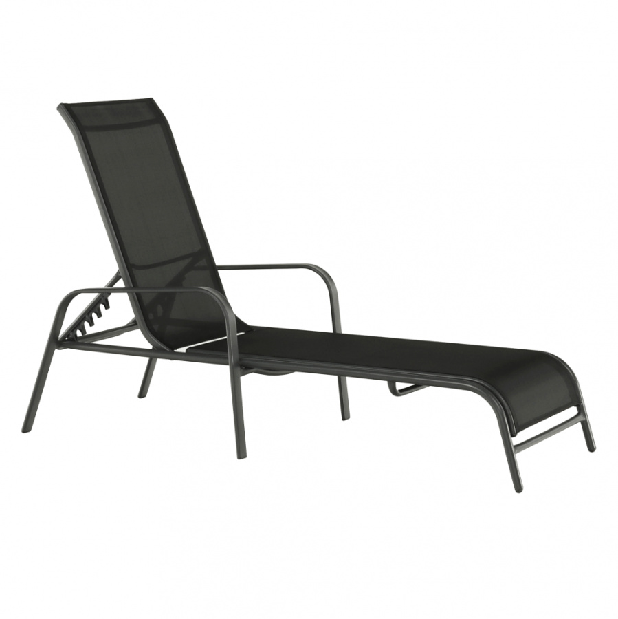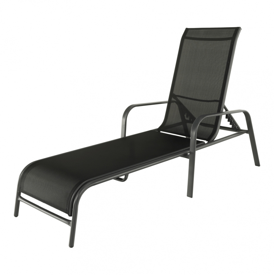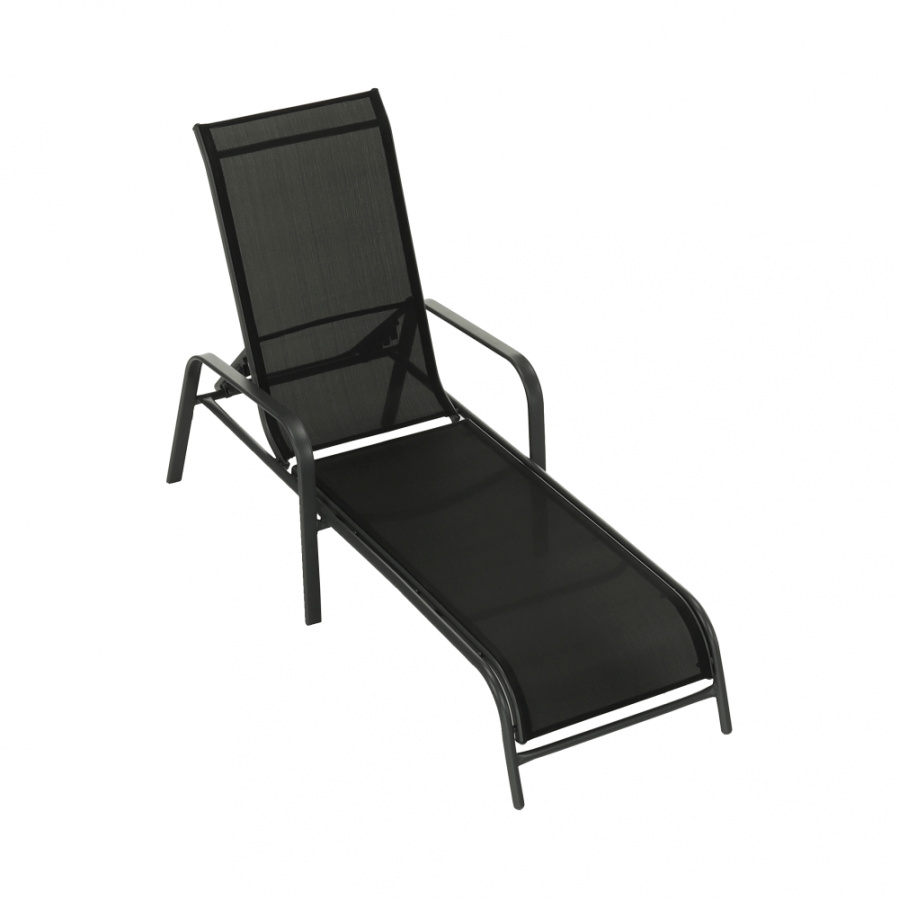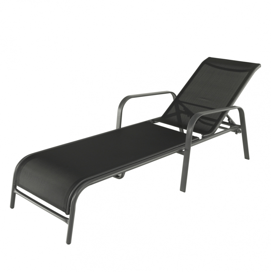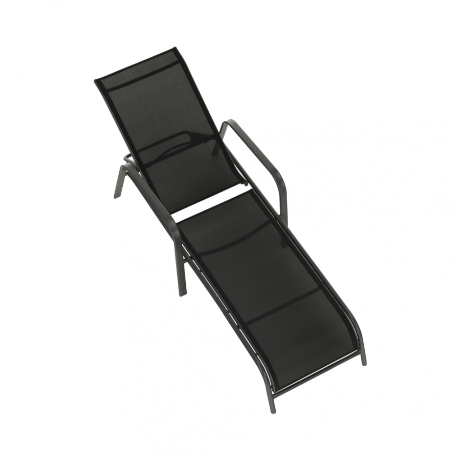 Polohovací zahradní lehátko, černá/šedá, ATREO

++++++++++

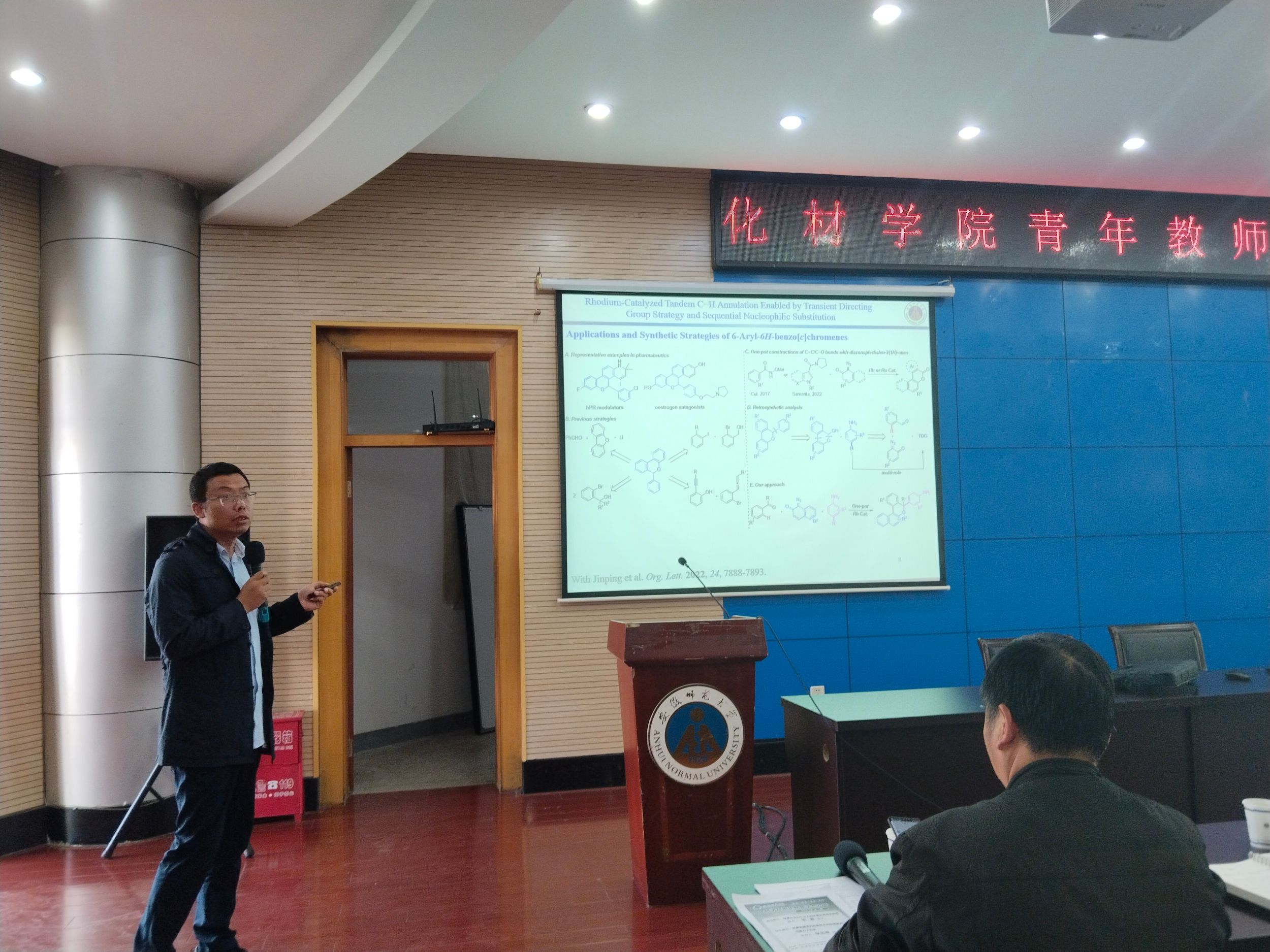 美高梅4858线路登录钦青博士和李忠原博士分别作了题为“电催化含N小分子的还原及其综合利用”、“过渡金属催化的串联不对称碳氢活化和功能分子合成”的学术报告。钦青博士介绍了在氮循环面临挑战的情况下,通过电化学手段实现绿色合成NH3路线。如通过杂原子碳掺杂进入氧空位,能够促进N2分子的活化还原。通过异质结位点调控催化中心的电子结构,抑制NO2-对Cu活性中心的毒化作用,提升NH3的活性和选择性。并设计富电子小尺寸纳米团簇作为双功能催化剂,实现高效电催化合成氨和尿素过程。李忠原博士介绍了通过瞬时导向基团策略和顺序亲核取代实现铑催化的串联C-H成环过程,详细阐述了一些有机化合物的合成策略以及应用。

++++++++++

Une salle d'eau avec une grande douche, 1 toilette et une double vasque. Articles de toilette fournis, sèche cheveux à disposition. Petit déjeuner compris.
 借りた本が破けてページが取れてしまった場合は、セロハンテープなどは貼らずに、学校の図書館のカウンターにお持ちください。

++++++++++

__PROMPT__
Copy the lines of the data above exactly as written, beginning with the line containing "Une salle d'eau" and ending with the line containing "借りた本が破けてページが取れ", and leave out all other lines.

__ANSWER TO THIS EXERCISE__
Une salle d'eau avec une grande douche, 1 toilette et une double vasque. Articles de toilette fournis, sèche cheveux à disposition. Petit déjeuner compris.
 借りた本が破けてページが取れてしまった場合は、セロハンテープなどは貼らずに、学校の図書館のカウンターにお持ちください。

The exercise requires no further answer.